:: WHAT YOU HAVE TO DO ::
Would you copy exactly the lines in the data below from the one that has "Due to the current" through the one that has "Artikel-Nr: PST94739-104Taschenlampe aus", dropping any pictures?

:: Items from a data source ::

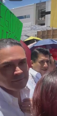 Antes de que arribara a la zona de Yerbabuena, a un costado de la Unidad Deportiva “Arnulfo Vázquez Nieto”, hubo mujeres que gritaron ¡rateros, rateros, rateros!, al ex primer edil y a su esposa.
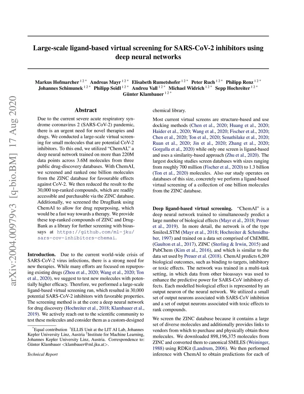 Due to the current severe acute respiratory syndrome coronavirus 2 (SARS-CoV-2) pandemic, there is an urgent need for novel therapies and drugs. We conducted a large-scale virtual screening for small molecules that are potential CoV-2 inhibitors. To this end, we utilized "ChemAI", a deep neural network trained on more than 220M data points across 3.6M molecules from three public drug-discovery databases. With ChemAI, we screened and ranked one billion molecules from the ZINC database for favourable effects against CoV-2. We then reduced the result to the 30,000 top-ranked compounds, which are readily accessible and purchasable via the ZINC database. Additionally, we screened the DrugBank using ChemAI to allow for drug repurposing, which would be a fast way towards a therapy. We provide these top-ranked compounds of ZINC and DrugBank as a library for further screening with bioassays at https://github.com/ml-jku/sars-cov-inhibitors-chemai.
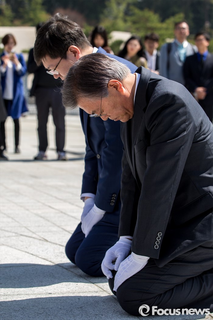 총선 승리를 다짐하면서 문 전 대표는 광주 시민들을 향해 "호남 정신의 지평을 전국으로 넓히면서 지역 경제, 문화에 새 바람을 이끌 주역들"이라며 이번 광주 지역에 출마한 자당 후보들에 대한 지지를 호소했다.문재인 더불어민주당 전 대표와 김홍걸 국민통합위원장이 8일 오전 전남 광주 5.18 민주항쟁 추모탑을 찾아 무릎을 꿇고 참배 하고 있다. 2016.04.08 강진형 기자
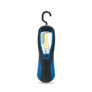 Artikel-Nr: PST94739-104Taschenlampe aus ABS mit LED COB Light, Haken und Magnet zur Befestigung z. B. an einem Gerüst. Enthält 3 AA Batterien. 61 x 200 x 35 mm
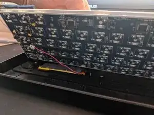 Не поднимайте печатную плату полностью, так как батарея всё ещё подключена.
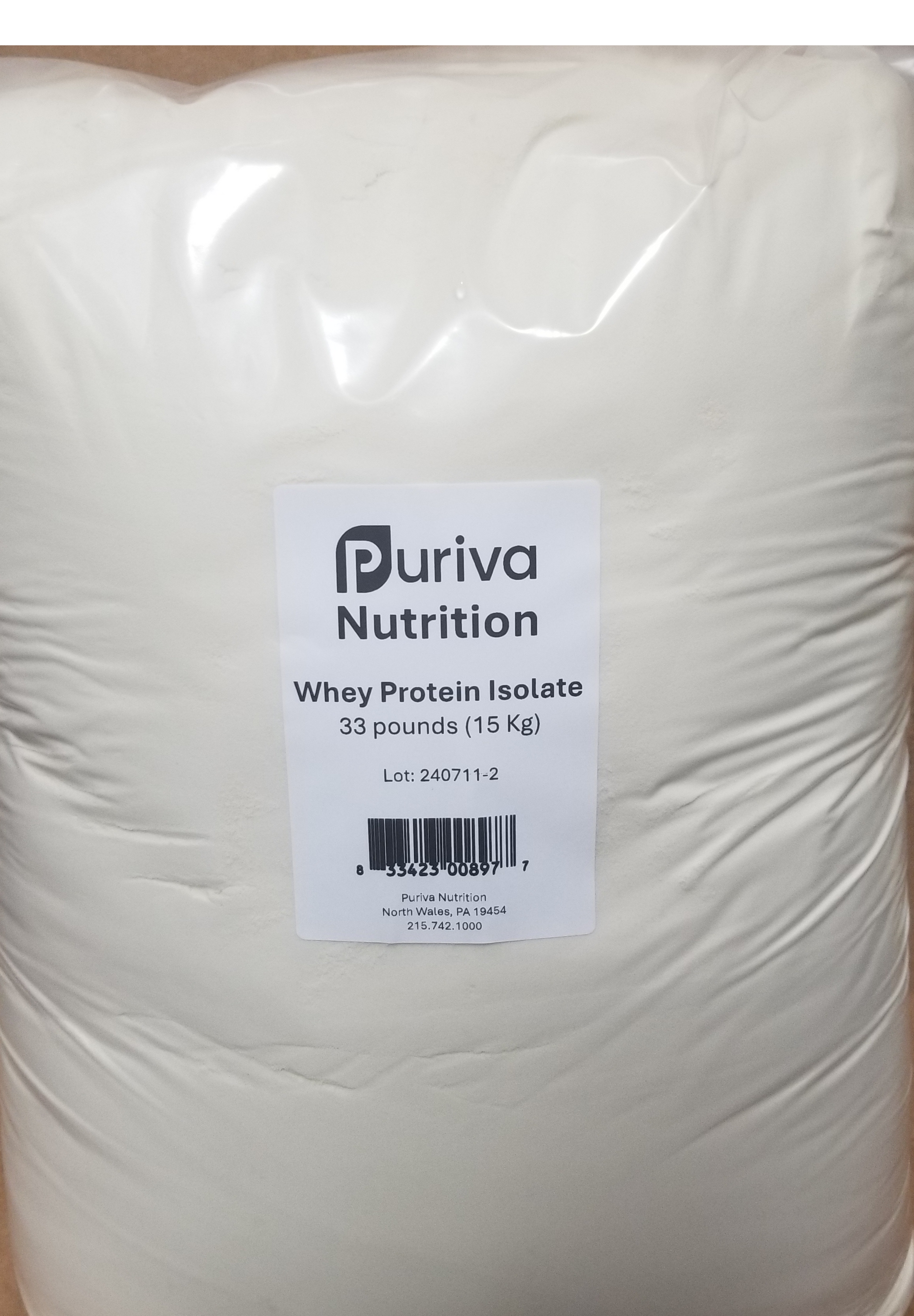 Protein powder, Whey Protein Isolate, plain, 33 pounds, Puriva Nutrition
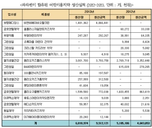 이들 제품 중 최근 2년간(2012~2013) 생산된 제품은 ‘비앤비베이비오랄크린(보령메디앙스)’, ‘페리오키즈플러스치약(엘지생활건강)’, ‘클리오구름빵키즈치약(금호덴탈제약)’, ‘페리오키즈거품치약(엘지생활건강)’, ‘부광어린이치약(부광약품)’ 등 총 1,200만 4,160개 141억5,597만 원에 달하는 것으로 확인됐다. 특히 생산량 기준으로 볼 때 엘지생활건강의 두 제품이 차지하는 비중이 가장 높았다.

:: EXERCISE OUTPUT ::
 Due to the current severe acute respiratory syndrome coronavirus 2 (SARS-CoV-2) pandemic, there is an urgent need for novel therapies and drugs. We conducted a large-scale virtual screening for small molecules that are potential CoV-2 inhibitors. To this end, we utilized "ChemAI", a deep neural network trained on more than 220M data points across 3.6M molecules from three public drug-discovery databases. With ChemAI, we screened and ranked one billion molecules from the ZINC database for favourable effects against CoV-2. We then reduced the result to the 30,000 top-ranked compounds, which are readily accessible and purchasable via the ZINC database. Additionally, we screened the DrugBank using ChemAI to allow for drug repurposing, which would be a fast way towards a therapy. We provide these top-ranked compounds of ZINC and DrugBank as a library for further screening with bioassays at https://github.com/ml-jku/sars-cov-inhibitors-chemai.
 총선 승리를 다짐하면서 문 전 대표는 광주 시민들을 향해 "호남 정신의 지평을 전국으로 넓히면서 지역 경제, 문화에 새 바람을 이끌 주역들"이라며 이번 광주 지역에 출마한 자당 후보들에 대한 지지를 호소했다.문재인 더불어민주당 전 대표와 김홍걸 국민통합위원장이 8일 오전 전남 광주 5.18 민주항쟁 추모탑을 찾아 무릎을 꿇고 참배 하고 있다. 2016.04.08 강진형 기자
 Artikel-Nr: PST94739-104Taschenlampe aus ABS mit LED COB Light, Haken und Magnet zur Befestigung z. B. an einem Gerüst. Enthält 3 AA Batterien. 61 x 200 x 35 mm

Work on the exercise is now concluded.